On 02/06/2010 08:28, "Jiang, Yunhong" <yunhong.jiang@intel.com> wrote:

>> Which xen-unstable changeset are you testing? All timers should be
>> automatically migrated off a dead CPU and onto CPU0 by changeset 21424. Is
>> that not working okay for you?
> 
> We are testing on 21492.
> 
> After more investigation, the root cause is the periodic_timer is stopped
> before take_cpu_down (in schedule()), so that it is not covred by 21424.
> When v->periodic_period ==0, next vcpu's p_timer is not updated by the
> schedule(), thus, later in next schedule round, it will cause trouble for
> stop_timer().
> 
> With following small patch, it works, but I'm not sure if this is good
> solution.

I forgot about inactive timers in c/s 21424. Hm, I will fix this in the
timer subsystem and get back to you.

 -- Keir

^ permalink raw reply	[flat|nested] 19+ messages in thread

* RE: Biweekly VMX status report. Xen: #21438 & Xen0: #a3e7c7...
  2010-06-02  8:01               ` Keir Fraser
@ 2010-06-02  8:49                 ` Jiang, Yunhong
  2010-06-02  9:24                 ` Jiang, Yunhong
  2010-06-02 12:14                 ` Keir Fraser
  2 siblings, 0 replies; 19+ messages in thread
From: Jiang, Yunhong @ 2010-06-02  8:49 UTC (permalink / raw)
  To: Keir Fraser, Xu, Jiajun, xen-devel


>
>I forgot about inactive timers in c/s 21424. Hm, I will fix this in the
>timer subsystem and get back to you.
>
> -- Keir

Thanks!
--jyh

^ permalink raw reply	[flat|nested] 19+ messages in thread

* RE: Biweekly VMX status report.

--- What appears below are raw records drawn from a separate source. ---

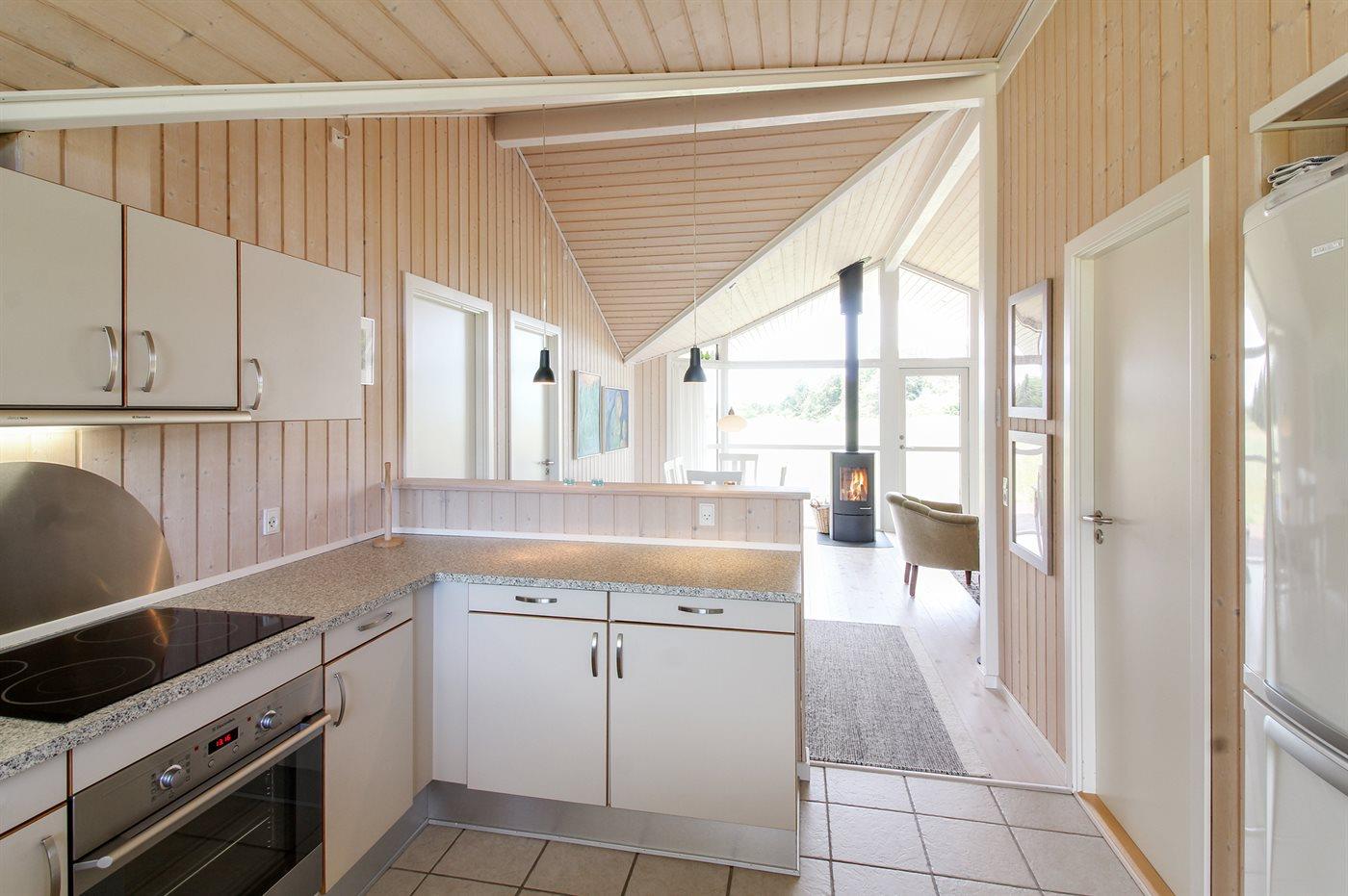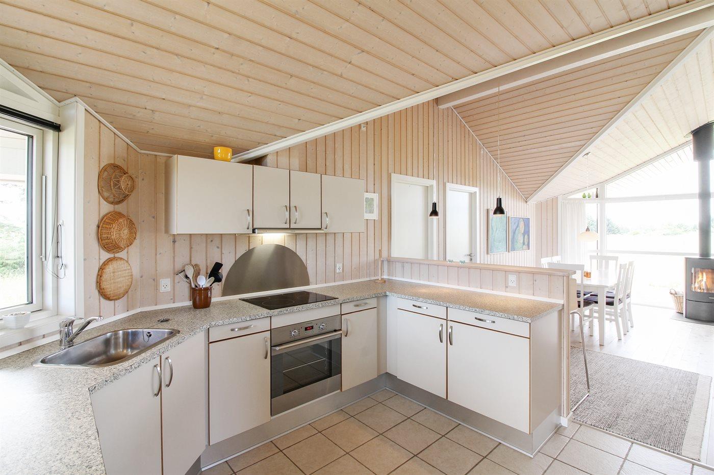 Køkkenet er udstyret med 1 køleskab. Der er 4 keramiske kogeplader, varmluftovn samt opvaskemaskine.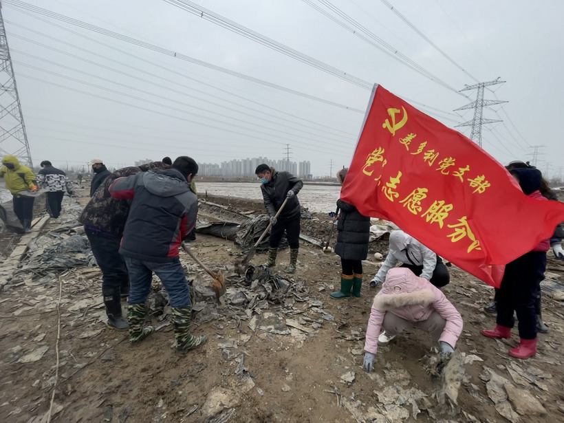 寒風(fēng)中,志愿者們忙碌在鹽灘上,充分發(fā)揚不怕累、不怕臟的精神,對附近區(qū)域的垃圾、雜物進行清理。經(jīng)過一個下午的辛勤勞動,共清理廢棄的塑布、木板等雜物十余車,用行動和汗水,扮靚了鹽場人的家園。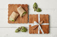 Square Scalloped Cheese Board with Spreader, Small, Natural
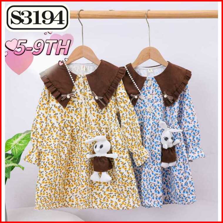Dress Anak Import 4 Tahun Sampai 9 Tahun Baha Premium Import Free Tas Boneka

Xen: #21438 & Xen0: #a3e7c7...
  2010-06-02  8:01               ` Keir Fraser
  2010-06-02  8:49                 ` Jiang, Yunhong
@ 2010-06-02  9:24                 ` Jiang, Yunhong
  2010-06-02  9:41                   ` Keir Fraser
  2010-06-02 12:14                 ` Keir Fraser
  2 siblings, 1 reply; 19+ messages in thread
From: Jiang, Yunhong @ 2010-06-02  9:24 UTC (permalink / raw)
  To: Keir Fraser, Xu, Jiajun, xen-devel

BTW, I get following failure after loop cpu o*l for about 95 times. 

(XEN) Xen call trace:
(XEN)    [<ffff82c48014b3e9>] clear_page_sse2+0x9/0x30
(XEN)    [<ffff82c4801b9922>] vmx_cpu_up_prepare+0x43/0x88
(XEN)    [<ffff82c4801a13fa>] cpu_callback+0x4a/0x94
(XEN)    [<ffff82c480112d95>] notifier_call_chain+0x68/0x84
(XEN)    [<ffff82c480100e5b>] cpu_up+0x7b/0x12f
(XEN)    [<ffff82c480173b7d>] arch_do_sysctl+0x770/0x833
(XEN)    [<ffff82c480121672>] do_sysctl+0x992/0x9ec
(XEN)    [<ffff82c4801fa3cf>] syscall_enter+0xef/0x149
(XEN)
(XEN) Pagetable walk from ffff83022fe1d000:
(XEN)  L4[0x106] = 00000000cfc8d027 5555555555555555
(XEN)  L3[0x008] = 00000000cfef9063 5555555555555555
(XEN)  L2[0x17f] = 000000022ff2a063 5555555555555555
(XEN)  L1[0x01d] = 000000022fe1d262 5555555555555555

I really can't imagine how this can happen considering the vmx_alloc_vmcs() is so straight-forward. My test machine is really magic.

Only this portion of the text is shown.